NCT number NCT00028145
Other study ID # PACTG P1025
Secondary ID U01AI068632
Status Completed
Phase N/A
First received December 13, 2001
Last updated October 8, 2014
Start date October 2002
Est. completion date June 2013

Study information

Verified date October 2014
Source International Maternal Pediatric Adolescent AIDS Clinical Trials Group
Contact n/a
Is FDA regulated No
Health authority United States: Federal Government
Study type Observational

Clinical Trial Summary

The purpose of this study is to collect and study clinical and laboratory information about a pregnant or new mother and her medical care that will increase our knowledge of the best care for HIV-infected pregnant women and their children.

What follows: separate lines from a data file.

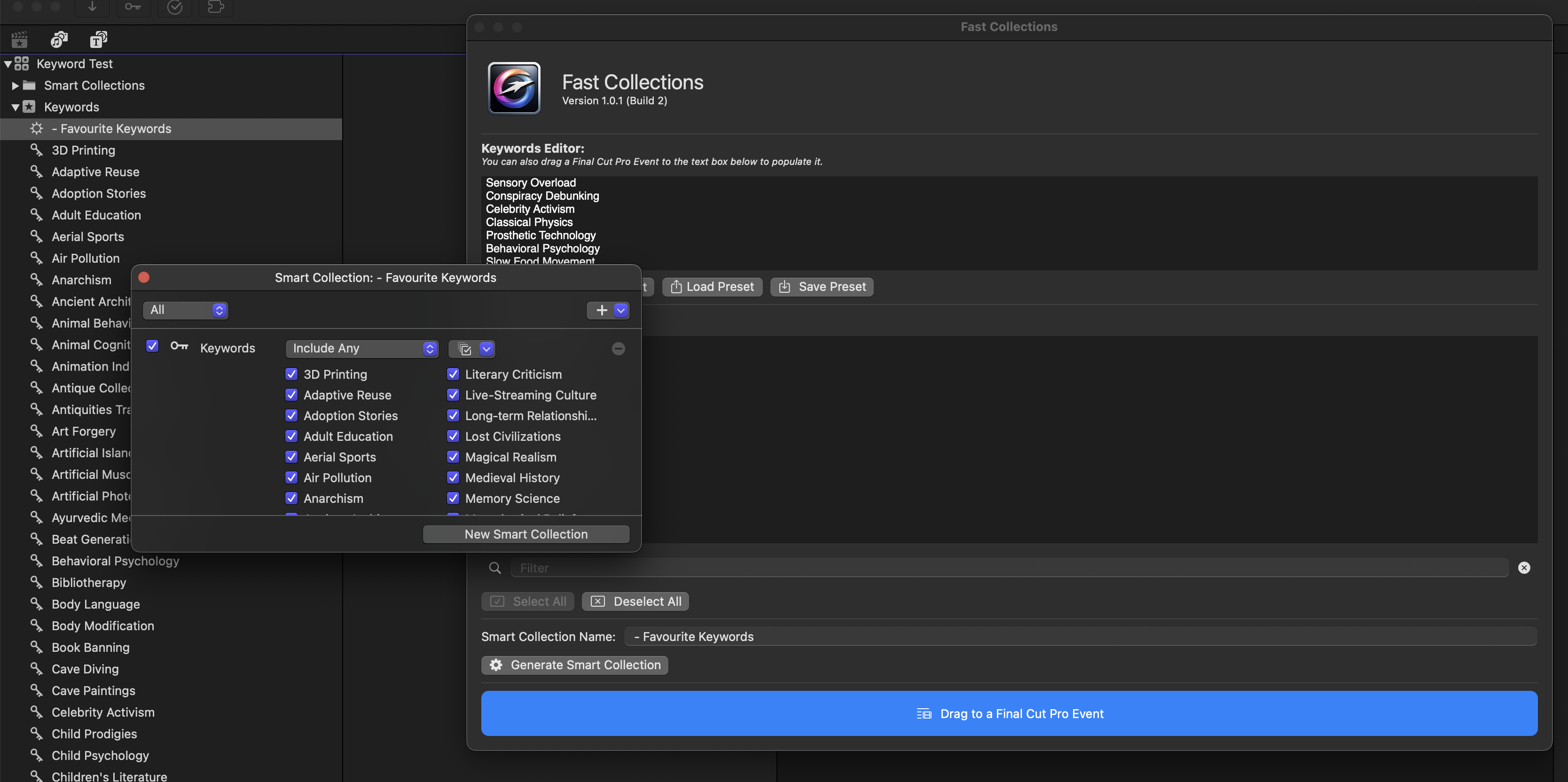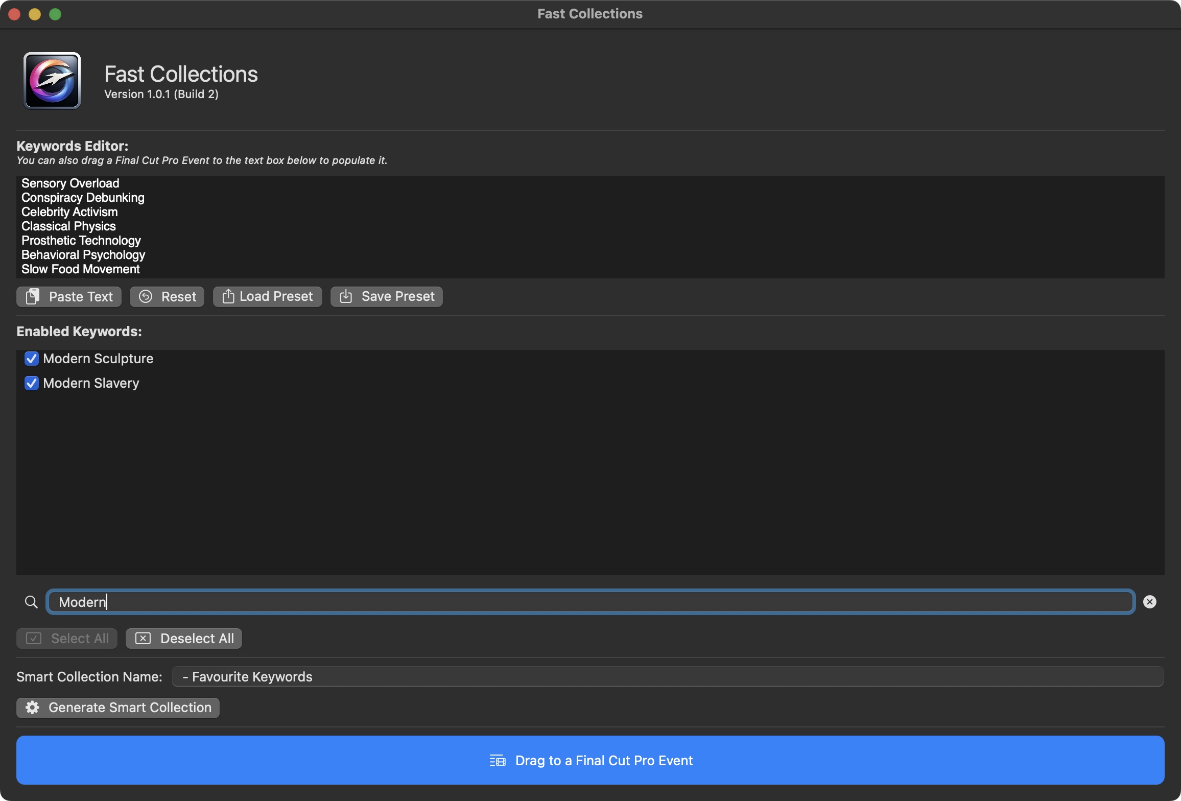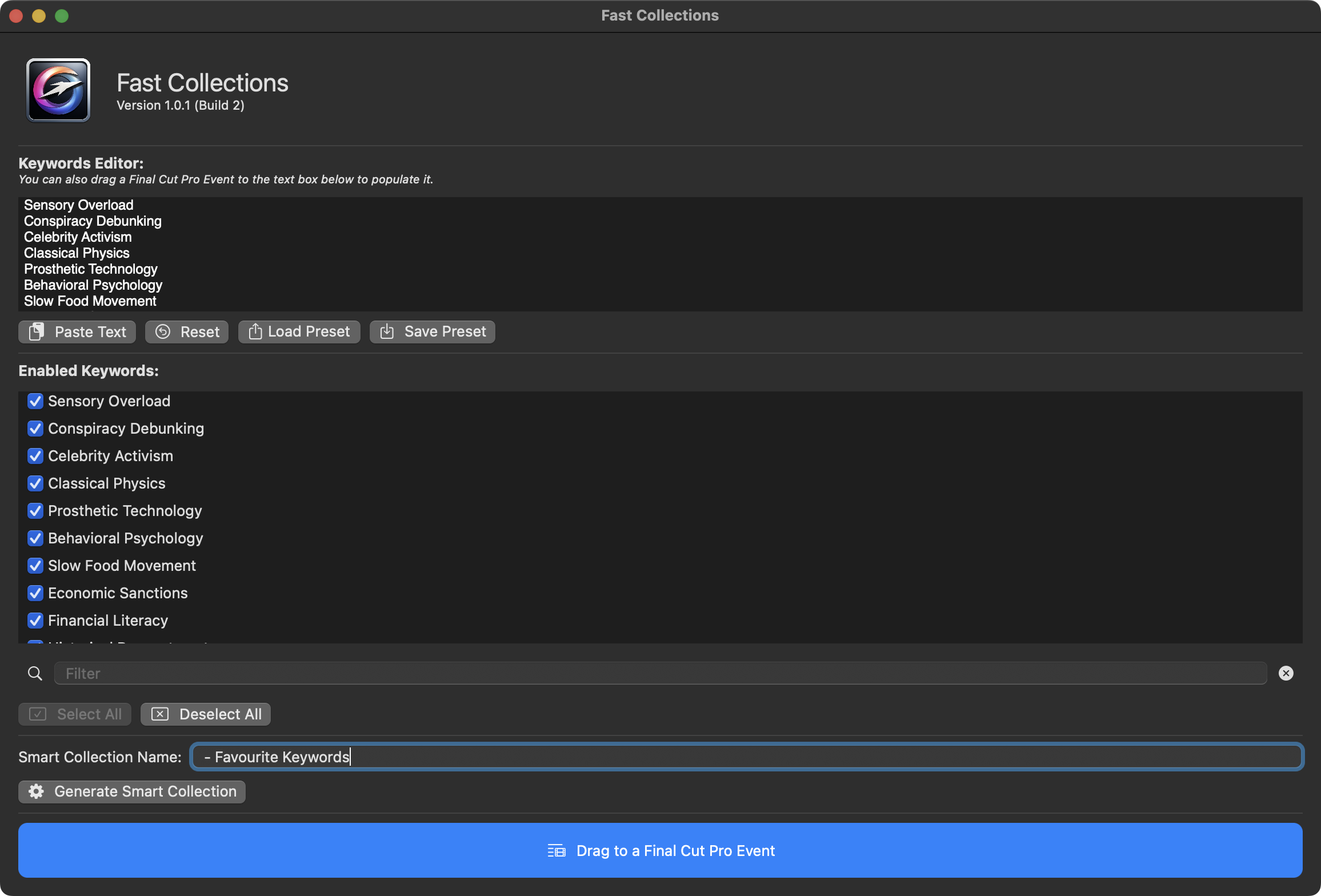 Alternatively, you can also drag a Final Cut Pro Library or Event from the Final Cut Pro Browser to the Keywords Editor text box, and all the keywords in that library or event will be populated.
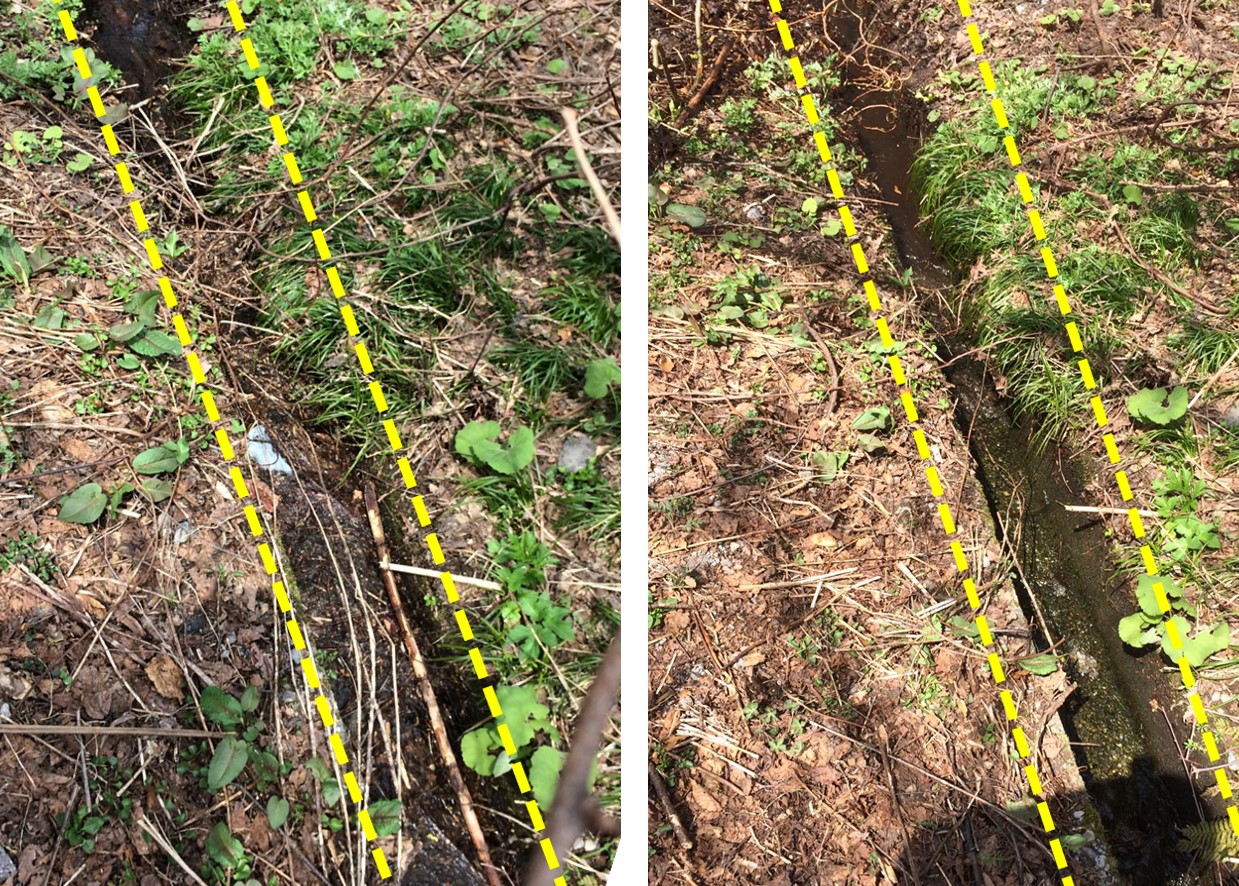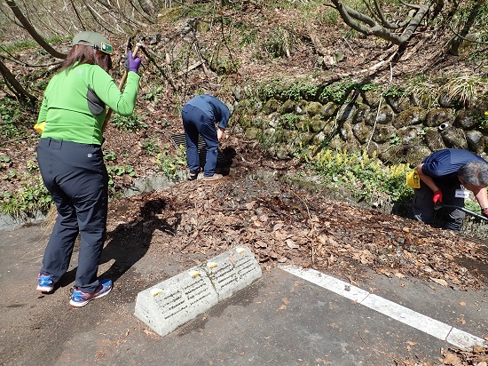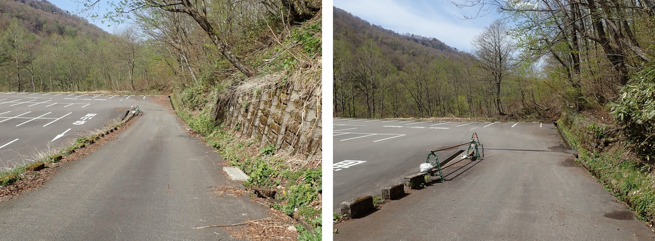 (大量の落ち葉も手際よく集めていきます) 皆さん、毎年のことながら本当に手際がよく、あっという間にきれいになりました!  (駐車場清掃Before左、After右) さらに今年は駐車場から別当出合休憩舎間の園路周辺のゴミ拾いにも力を入れました。その結果、これまで気付かなかったゴミがいろいろ発掘されました。 傘、年代物の空き缶等のほか、風か雪崩か...どこかの資材が飛ばされてきたのかトタン板など大物のゴミも落ち葉の下から回収されました。
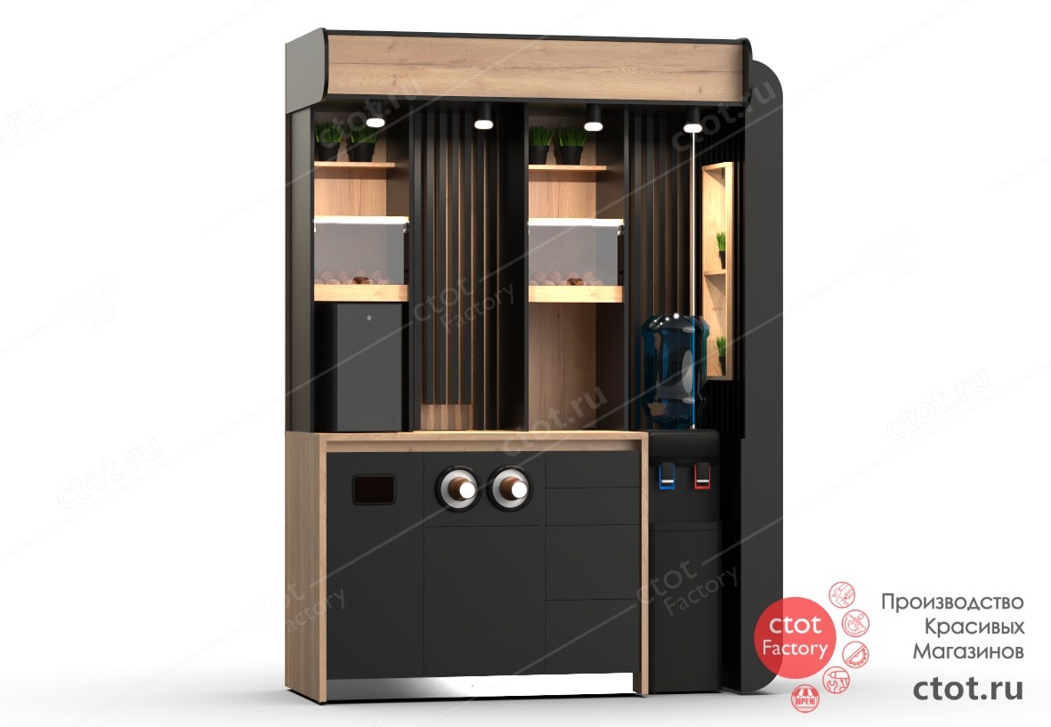 Кофе-модуль выполнен в фирменной эстетике Ctot Factory: сочетание глубоких тёмных оттенков с натуральной текстурой дерева создает ощущение уюта и премиальности. Вертикальные рельефные элементы добавляют архитектурности, а встроенная подсветка мягко акцентирует зоны выкладки. Отдельного внимания заслуживают ниши с цветочным декором - зелёные акценты «оживляют» пространство, делая кофе-корнер визуально лёгким и дружелюбным. Такой подход соответствует современным принципам биофильного дизайна, который доказано снижает стресс и повышает продуктивность. Функциональная сторона кофе-модуля включает в себя: зоны под выпечку с удобной выкладкой для быстрого доступа, полки под банки варенья, сахара и топпингов, интегрированное место под кулер с водой, два диспенсера для стаканов разных размеров, встроенный лючок дл
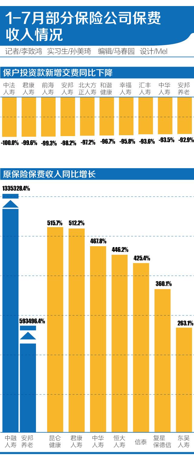 保监会数据显示,1-7月,保户投资款新增交费下降幅度超过90%的寿险公司包括中法人寿、君康人寿、前海人寿、安邦人寿、北大方正人寿、和谐健康险、幸福人寿、汇丰人寿、中华人寿、安邦养老险。
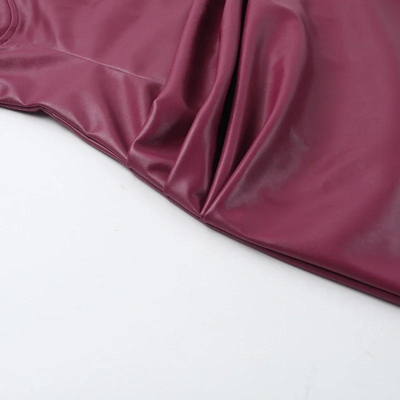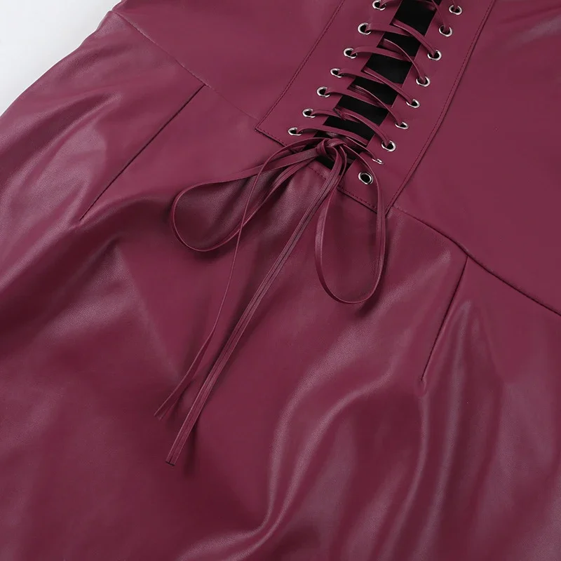 Sexy Burgundy Pu Leather Maxi Dresses Women Strapless Backless Bandage Sleeveless Pleated Hip Package Party Dress New Split Robe
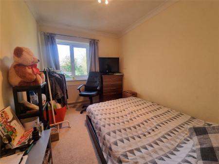 The main bedroom is a generous double, complete with built-in wardrobes and bedside units, and benefits from a rear-facing window with views over the garden. The second bedroom is also a good size, featuring a front-facing window. The third bedroom, situated to the rear, offers flexibility as either a guest bedroom or additional study space.
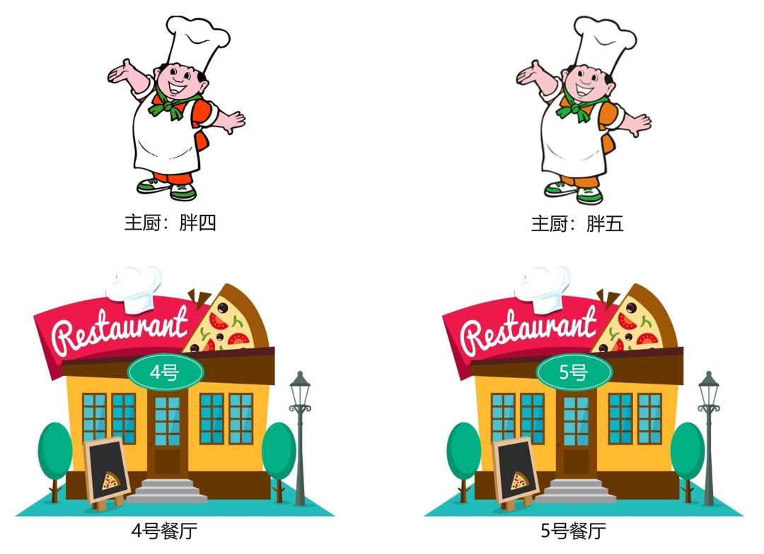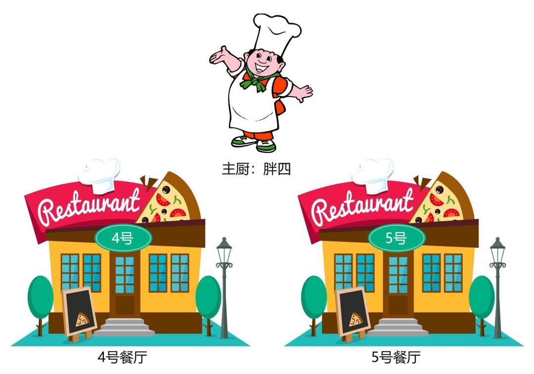 第二种方案(方案B),就是开一家全新的店。租一个门面房,取名“五号餐厅”。但是,不请新大厨。由胖四直接负责照看四号餐厅和五号餐厅。
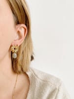 Les bo LUCIA // sont composées d’une attache en acier inoxydable à laquelle est rattachée un pendant porte en acier inoxydable également orné d’une pierre de Labradorite
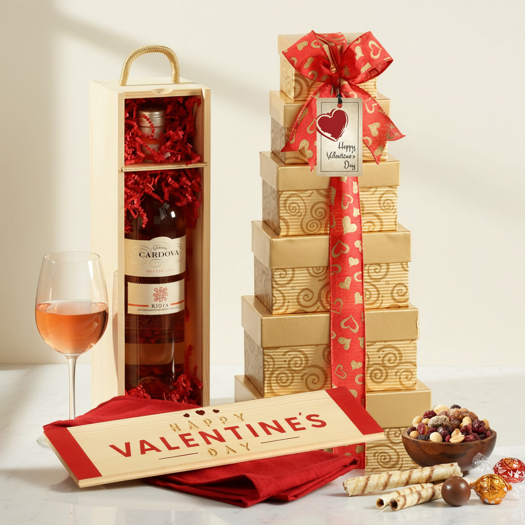 The Valentine’s Day Towering Heights Gift Tower is a great choice for men who enjoy variety. Filled with gourmet snacks, chocolates, cookies, and crunchy treats, this impressive tower offers something for every craving. It is a generous and satisfying gift that feels special from the moment it arrives.

The rate of transmission of HIV from mothers to their infants has gone down. Specific U.S. Public Health Service guidelines recommend that HIV-infected pregnant women be treated with anti-HIV therapies; but the effectiveness of treatment and safety for the mother and her infant have not been fully examined. This study will monitor the health of women and their infants while they receive anti-HIV therapy. Also, this study will provide information that may be used for future studies.


Description:

The current low rate of vertical transmission of HIV in the U.S. limits the number and types of questions concerning transmission risk and pathogenesis that can be addressed by a single clinical trial. Specific U.S. Public Health Service guidelines recommend antiretroviral therapy (ART) during pregnancy to maximize health of women. However, data regarding the effectiveness and safety of and adherence to ART during pregnancy are limited. It is both appropriate and necessary for theInternational Maternal Pediatric Adolescent AIDS Clinical Trials Group (IMPAACT) to recruit pregnant women into a non-interventional, analytic, epidemiologic study to methodically collect clinical and laboratory data from them and their infants. This way, the IMPAACT can achieve the aims of evaluating management of HIV-infected women during pregnancy and determining the safety and effectiveness of ART and other interventions intended to prevent vertical transmission and/or improve maternal health. In addition, longitudinally collected core protocol data and repository specimens will enable future substudies.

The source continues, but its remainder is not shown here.